The radius of hydrogen atom in ground state is 0.53 angstrom. What will be the radius of $$L{i}^{2+}$$ in the ground state?
a.) 1.06 angstrom
b.) 0.265 angstrom
c.) 0.17 angstrom
d.) 0.53 angstrom

Answer 1

Hint: This question can be solved by considering the Bohr’s atomic model. We can solve the given question by keeping the following formula in mind:
$$r={\displaystyle \frac{n^2}{z}}{r}_H$$
Where r is the radius of the atom in consideration, n is the principal quantum number of the element, z is the atomic number of the element and $$r_H$$ is the radius of hydrogen atom.
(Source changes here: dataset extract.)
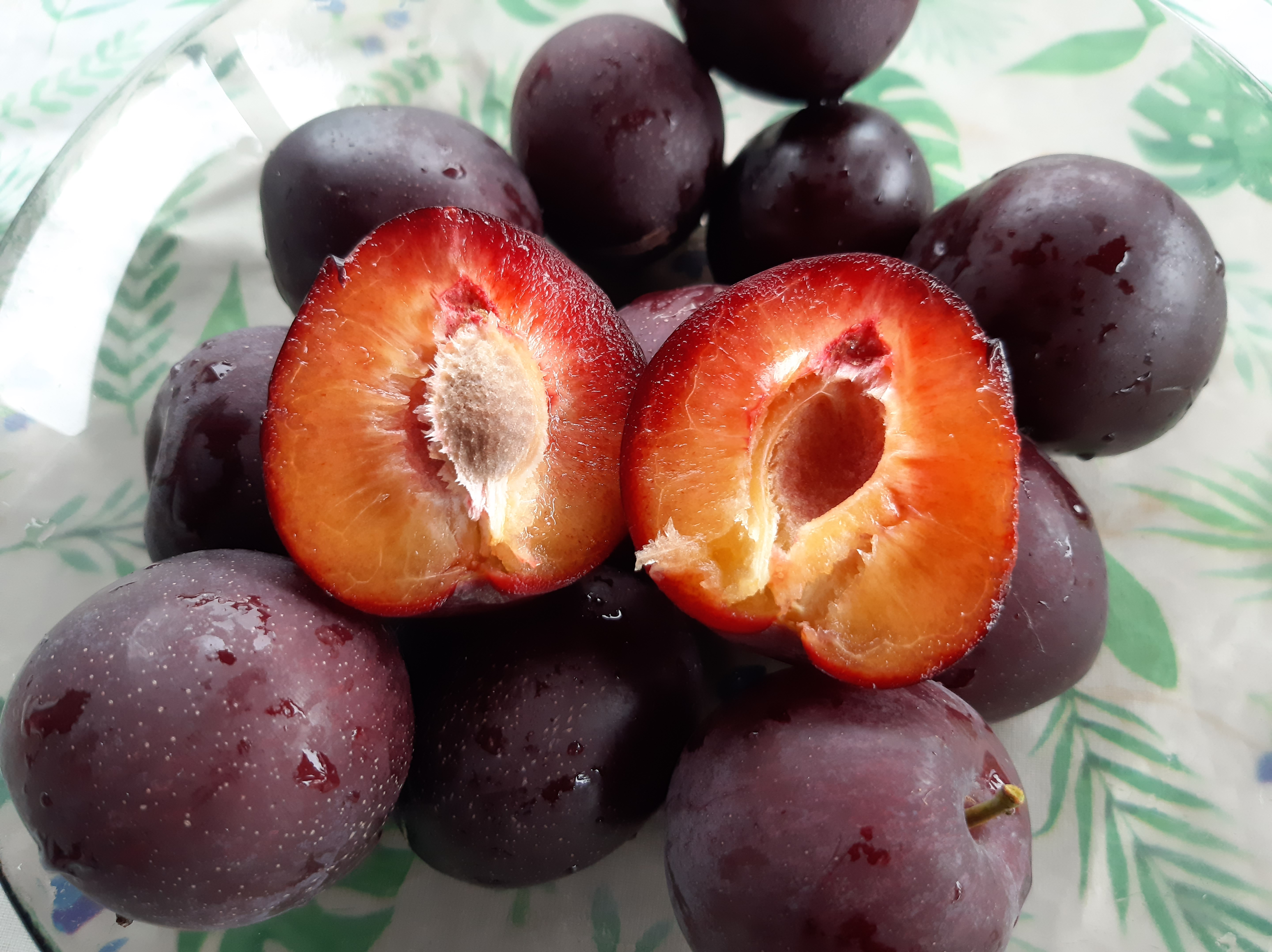 В 2020 году максимальный вес сливы - 74 грамма. Остальные не меньше 60 гр. Нравится, что косточка "условно отделяется" от мякоти. Для этого надо сливу разрезать, и после этого она разделяется на две половинки. Косточку в одной из половинок достаточно легко можно поддеть ножом и извлечь.

Complete step by step answer:
The Bohr atomic model is only valid for hydrogen or hydrogen like single electronic species. As we can see that $$L{i}^{2+}$$is also a single electronic species we can apply the mentioned model to this ion.
$$r\propto {\displaystyle \frac{n^2}{z}}$$
$$r={\displaystyle \frac{n^2}{z}}{r}_H$$

As given in the question the $$L{i}^{2+}$$ is in ground state so n=1 , for $$L{i}^{2+}$$ atomic number= z= 3 and $$r_H$$ is 0.53, substituting the given values in the above equation we get,
$$r_{Li}={\displaystyle \frac{r_H}{3}}=0.17$$ angstrom
So, the correct answer is “Option C”.

Note: Niels Bohr first introduced the atomic Hydrogen model in 1913. He described the hydrogen atom as a positively charged nucleus, consisting of protons and neutrons and surrounded by a negatively charged electron cloud. The atom is held together by the strong electrostatic forces of attraction between the positive nucleus and negative surroundings. The model is only valid for hydrogen or hydrogen like single electronic species. A hydrogen-like species is any atomic nucleus bound to one electron and thus is isoelectronic with hydrogen. These atoms or ions can carry a positive charge.